Le jeudi 25 mai, à neuf heures et demie, il écrit de Versailles : « On entend encore le son du canon. » Ce soir-là même, ou le lendemain matin, il trouve moyen d’entrer dans Paris, et, le samedi 27, il fait passer deux lettres pour rassurer ses enfans sur lui et sur ses deux sœurs, qui étaient dans Paris et qui ont vu la mort de près.

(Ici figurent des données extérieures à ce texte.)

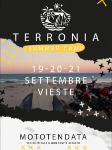 TERRONIA SUMMER CAMP 19-20-21 Settembre Vieste– 41°54’53.8”N, 16°06’43.5”E Torna la mototendata più attesa dell’anno in mood estivo: tre giorni di mare, tende, cibo e divertimento in pieno spirito Terronia! Un’occasione
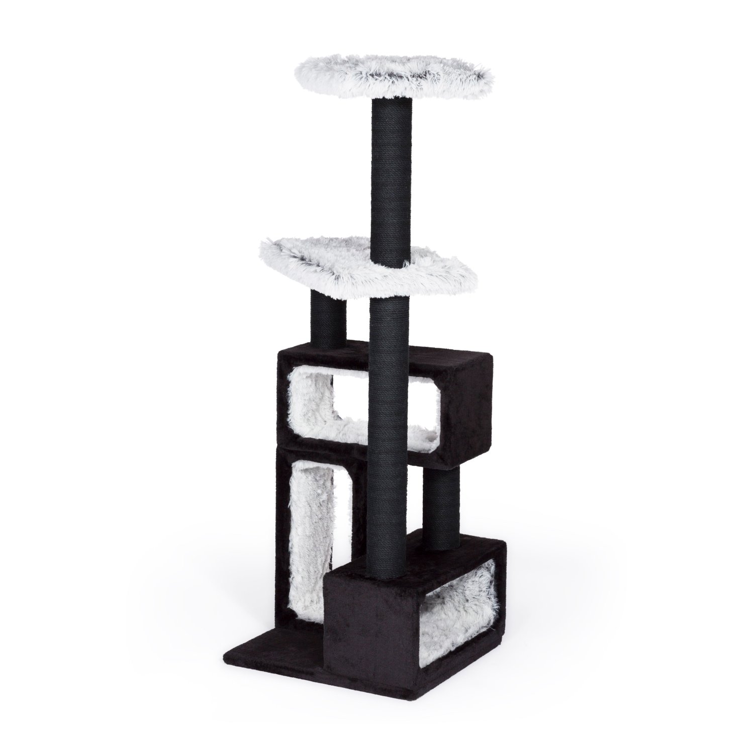 Prevue Pet Products Kitty Power Paws Domino features two platforms covered in soft plush, three hideout spaces, and jute scratching posts. Scratching posts help satisfy natural clawing instincts, helping to keep your furniture safe from destructive restless behaviors. Hideout spots and platforms are coated with soft plush floors and walls, giving your cat or cats comfortable spaces to play, rest, and relax. 24"L x 25"W x 52.5"H. Base is 19.25"L x 17.5"W. Black and Frost White color.
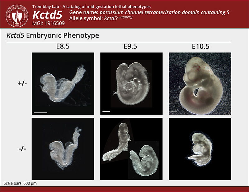 | Caption | At E8.5, Kctd5em1(IMPC)J/Kctd5em1(IMPC)J (Kctd5-/-) embryos are mainly normal. A minority display abnormal head shape, abnormal YS, abnormal heart or are delayed. By E9.5 Kctd5-/- embryos display slight epicardial edema, enlarged hearts and incomplete turning. Branchial arch defects are also noted in a majority, but likely related to the abnormal hearts. A minority of embryos display partially open posterior cranial neural tube and some have yolk sac vascularization defects. By E10.5 all Kctd5-/- are dying or resorbed with enlarged hearts. | ||||
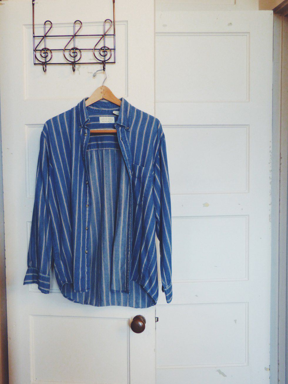 Many of my clothes have come from Goodwill and there is absolutely no shame in that as it saves money and allows us to break away from what the consumer apparel industry is spitting out. This shirt is one I found while looking for the "loved-by-all" flannel and it caught my eye with its vintage khaki pinstripes. The color is a denim blue and it's made of chambray which is a cotton that has the appearance of real denim. It's a nice staple to pair with colorful corduroys or some distressed black jeans. I've given it the name "Blue Collar" for obvious reasons.
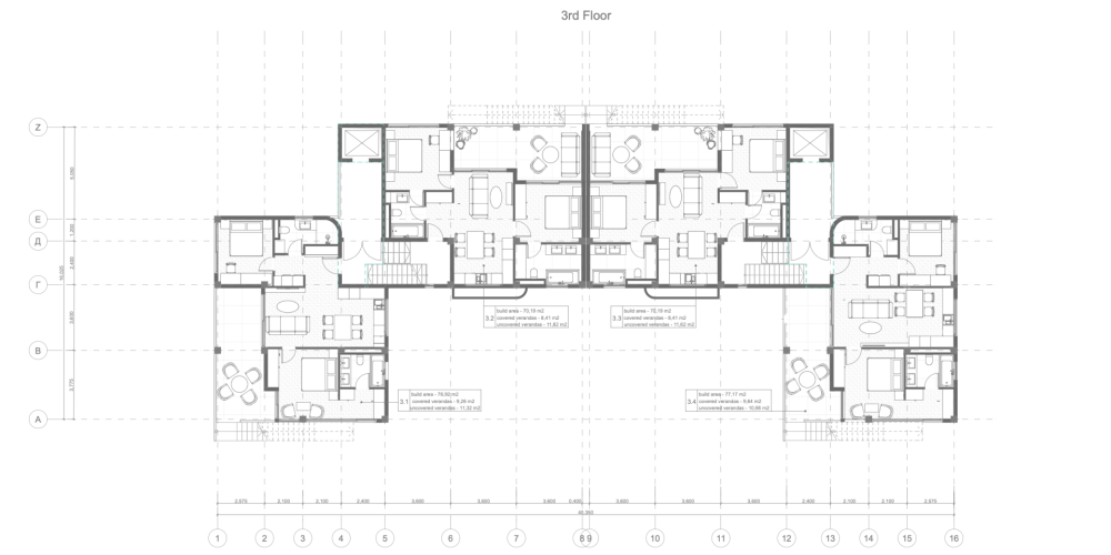 The complex includes 1- and 2-bedroom apartments, with the third floor offering stunning sea views. Amenities include a shared pool, parking spaces, and individual storage rooms for each apartment. The design and layout have been carefully crafted to provide residents with comfort, style, and modern conveniences.

Girard l’a vue d’aussi près, lui, avec quelques élèves, avec l’économe et le père Flan, qui sont restés dans le lycée, tandis que le quartier du Panthéon, muni de barricades, miné, était enlevé d’assaut par les chasseurs à pied[1]. Dans l’école voisine, Sainte-Barbe, quatre enfans, quelques surveillans étaient restés aussi, passant les nuits dans les caves, les jours sur les portes, dans les rues. L’angoisse de ces veillées, de ces furtives excursions entre les barricades, au sifflement des balles, tout cela a fait le sujet d’un admirable récit que tout le monde a lu : Dans la bataille. Car un des quatre enfans restés à Sainte-Barbe était Paul Bourget. Il était là, il a vu, il a souffert. Ce sont, dit-il, « les heures affreuses de ma jeunesse, où j’ai eu, adolescent, une trop précoce révélation de la férocité de la vie. »

Quoi de plus poignant que son tableau du quartier Latin, dans les « lumineuses, tièdes journées de douceur printanière, » de mai 1871 ? Ce sont ces sortes de vacances générales, les rues vides de voiture », mais pleines de promeneurs, — de filles qui chantent en se donnant le bras, — les cafés pleins à déborder, — et tout autour le canon, le sifflement des balles. Aubert est arrivé vers la fin de ces scènes et quand les saturnales avaient tourné en sombre et sanglante tragédie.

« Grâce à Dieu, mes sœurs sont en sûreté et j’ai trouvé ma maison debout. On s’est battu deux jours autour de la maison de Caroline et, pour échapper aux balles, la pauvre femme a dû rester tout le temps sur un fauteuil, dans le coin de la salle

  1. M. Girard a fait la classe jusqu’au 22 mai.